That guy over there looks like a cartoon/action figure.
omg, i know.
we're too high.
you're out of your mind
you look like daphne blake and he looks like fozzie bear
it's like he rubbed a lamp and wished you into existence
My mom is pretending to be Paula Deen while making breakfast...I'm pretty sure she's sober.
How does me getting a new dildo make you crave olive garden
and after i failed the breathalyzer i said to the cop "i've never been very good at tests"....
Beer coozy in the gym. Don't judge me.
I may or may not have just ruined a marriage. But in my defense I got all my drinks for free tonight.
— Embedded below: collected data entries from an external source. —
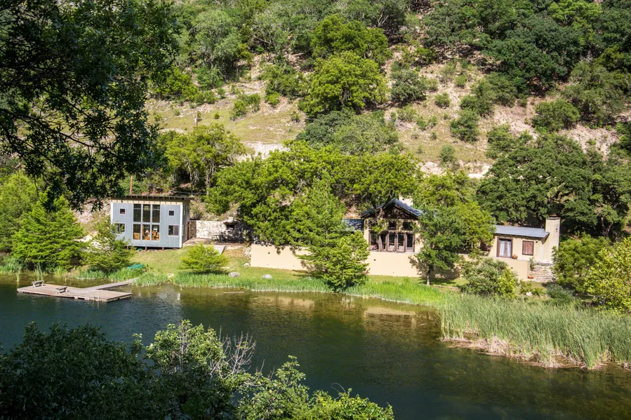 The rustic but comfortable home was built around an original 100 year old cabin; design, construction and decor perfectly suits the ranch. The family compound offers a main home that features 2 bedroom, 2 bath, Tile and concrete floors, multiple fireplaces, outdoor fire pit, loft, great room with Bar and sink, inside porch, huge wooden decks, a Mexican style 'Casita' and multiple outdoor cooking areas with fireplaces. A large limestone patio connects the main home to a very unique lakeside guesthouse with sleeping quarters and loft that provide quarters for additional guests or family. The patio/entertainment area was built to accommodate large numbers of friends and or family and the compound will sleep as many as 24 people with all beds filled. A rock walkway leads down from the limestone patio of the home directly to the fabulous lake and a large floating dock provides easy access for boating, tubing, swimming and fishing. The incredible lake is as deep as 30 ft and offers the owners endless entertainment as well as excellent Bass and Catfishing. Additional improvements on the ranch include a well built wooden equipment/feed barn with overhead recreation room/sleeping loft, and a small cozy cabin above the creek.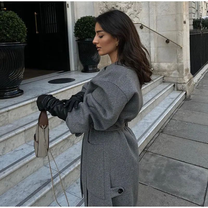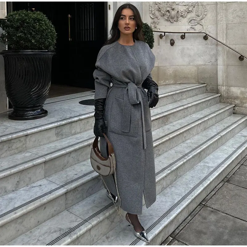 Women Elegant Lace-up Wool Blends Long Coats Autumn Winter Long Sleeve O Neck Overcoat Femael Street Double Pockets Outerwear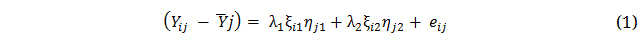 Where, Yij = average yield of ith genotype in jth environment, —Yj = average yield over all genotypes in jth environment and λ1ξi1ηj1 and λ2ξi2η
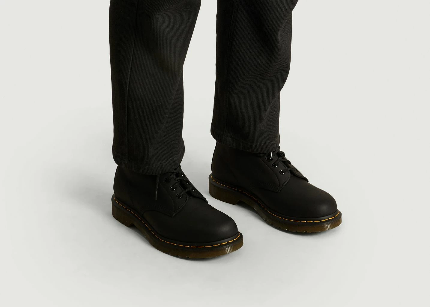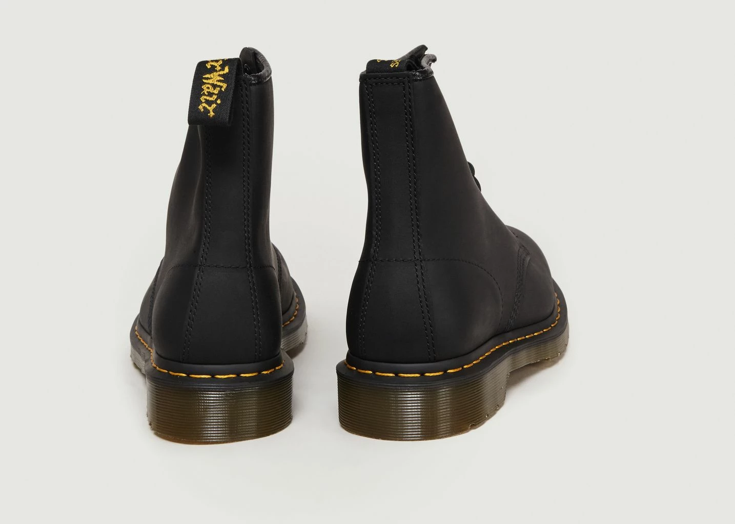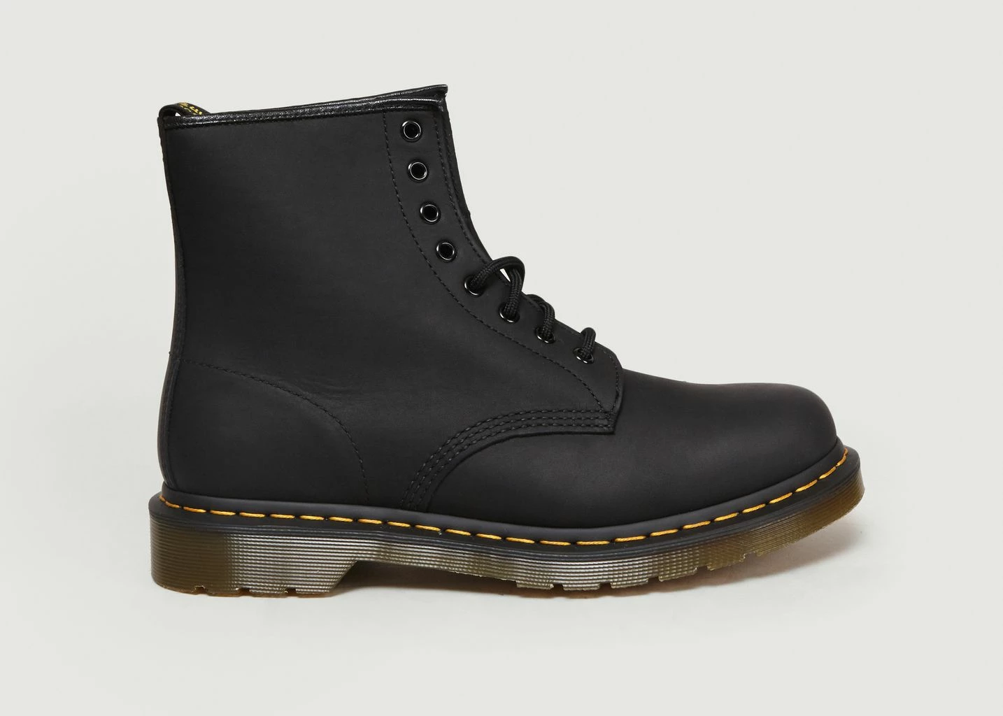 Black matte leather boots with oiled finish, contrast lace-up closure, leather lining, canvas footbed, 2cm heel height, 15 cm upper, ergonomic heel tab, Goodyear reinforced stitching, rounded toe, chunky tread non-slip sole. Founded in 1946 by Klaus Maertens, the 1460 is an iconic silhouette from the core British bootmaker. Renowned for its hardworking construction and versatile styling potential, each pair is crafted to the same high-quality specifications – using robust leathers and industrial Goodyear welt construction to ensure they last a lifetime. Seen here in a ‘greasy’ black leather, these chunky tread boots make the perfect ally for everyday wear thanks to their water-resistant topstitching and durable design feature.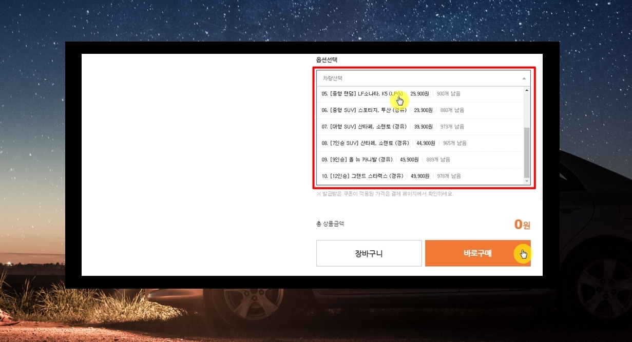 옵션 부분을 보면 차량 선택을 할 수 있는데요. 여기에서 모델별 서울 렌트카 이용 가격을 확인할 수 있습니다.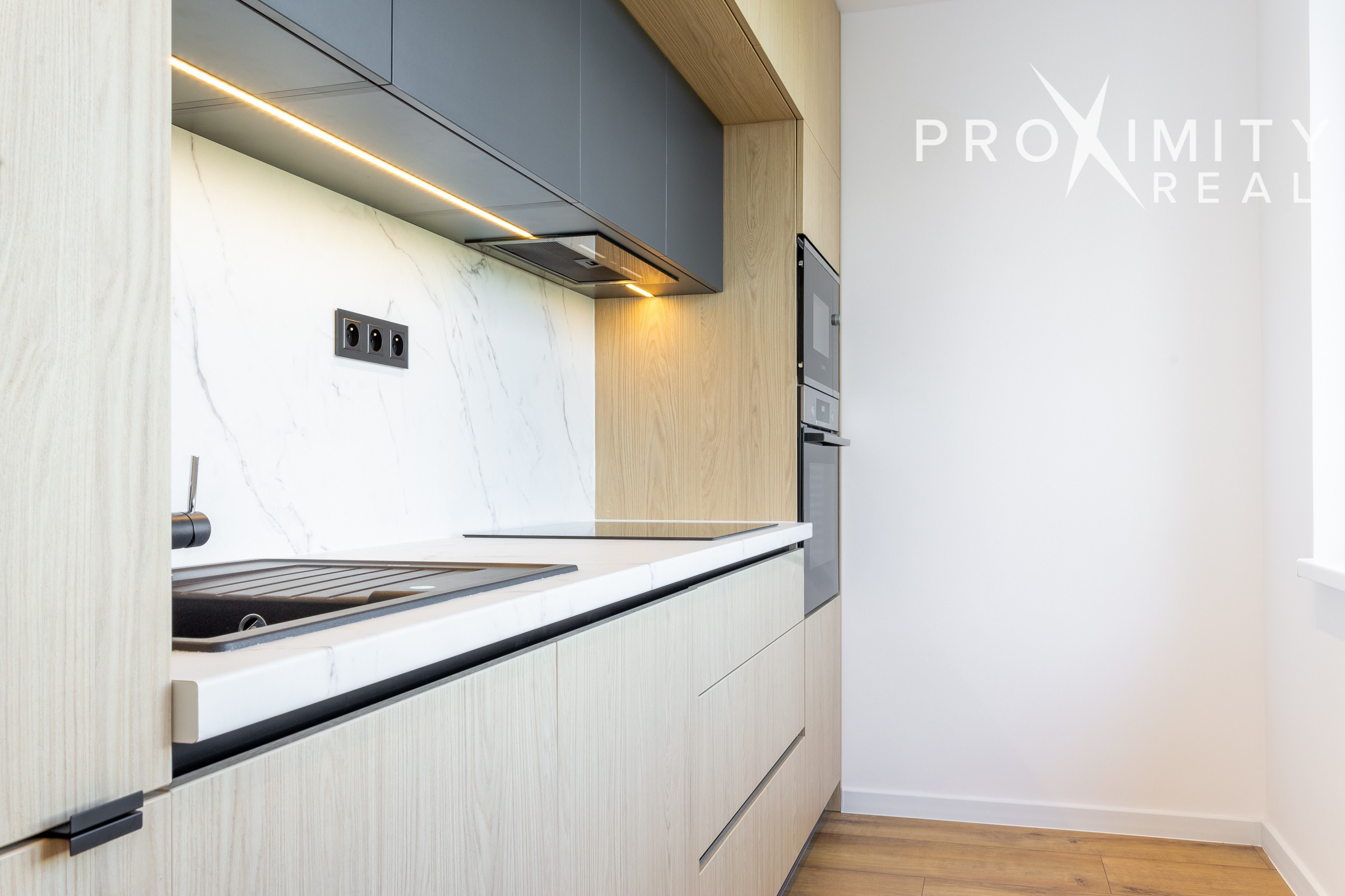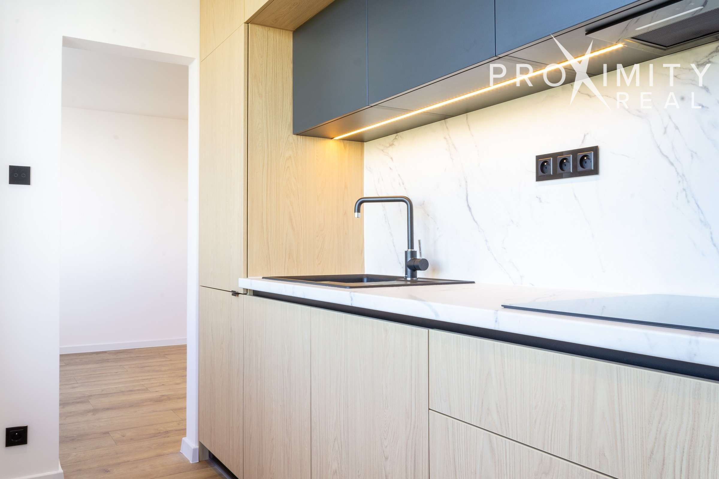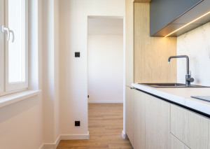 Byt prešiel kompletnou rekonštrukciou. V celom byte boli použité dotykové vypínače a zásuvky v elegantnej čiernej farbe, ktoré esteticky kontrastujú s bielymi lištami a svetlými tónmi stien. V obývacej izbe aj v oboch spálňach sa nachádza centrálne stropné osvetlenie doplnené o dekoratívne podsvietenie pozdĺž okien. Intenzitu aj teplotu svetla možno jednoducho meniť podľa nálady alebo času, čím sa vytvára osobitá atmosféra v každej časti bytu.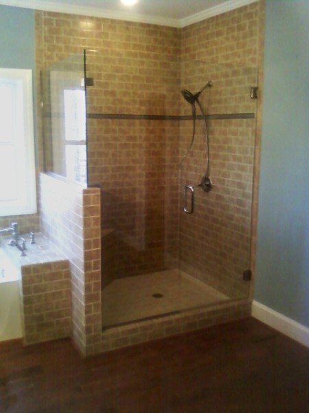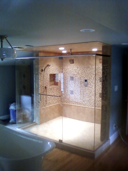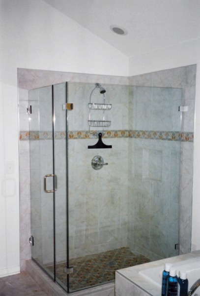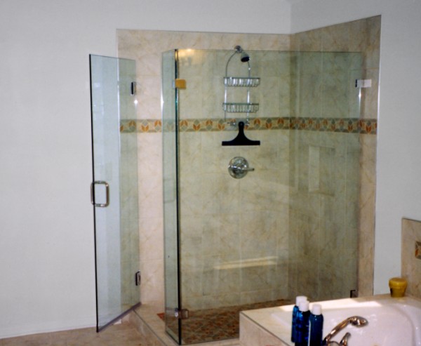 Our Heavy Glass frameless shower enclosures use 3/8” or ½” tempered safety glass. We offer “ShowerGuard” that seals and protects your shower door glass against hard water and soap scum.

Apparently I made a stripper cry last night when I paid her $10 to go away
At the gym and this really hot trainer checked me out and was talking to his buddy about his workout. He then says "yeah man, like I'm doing so many reps- what's 7 times 7, 45?"
He was THIS close.
I recommend we watch the Super Bowl together and have celebratory sex if we win. Good news is I don't have a team I dislike so were guaranteed a win.
I just had a spiritual connection with my sweater and did ballet in the hallway. Alone. I'd say we're gonna chalk that up as a win for marijuana and call it a night
I spilled a whole plate of queso and salsa on my bed so I'm just eating it off my sheets with chips. How's your night going?
REMEBER. We are young, horny, and poor. If someone wants to give us alcohol... TAKE. IT.
I made a bucket list last night. Number 5: Will marry a wizard.
I'm going to get drunk, come back, call my grandma, and eat all those scrambled eggs.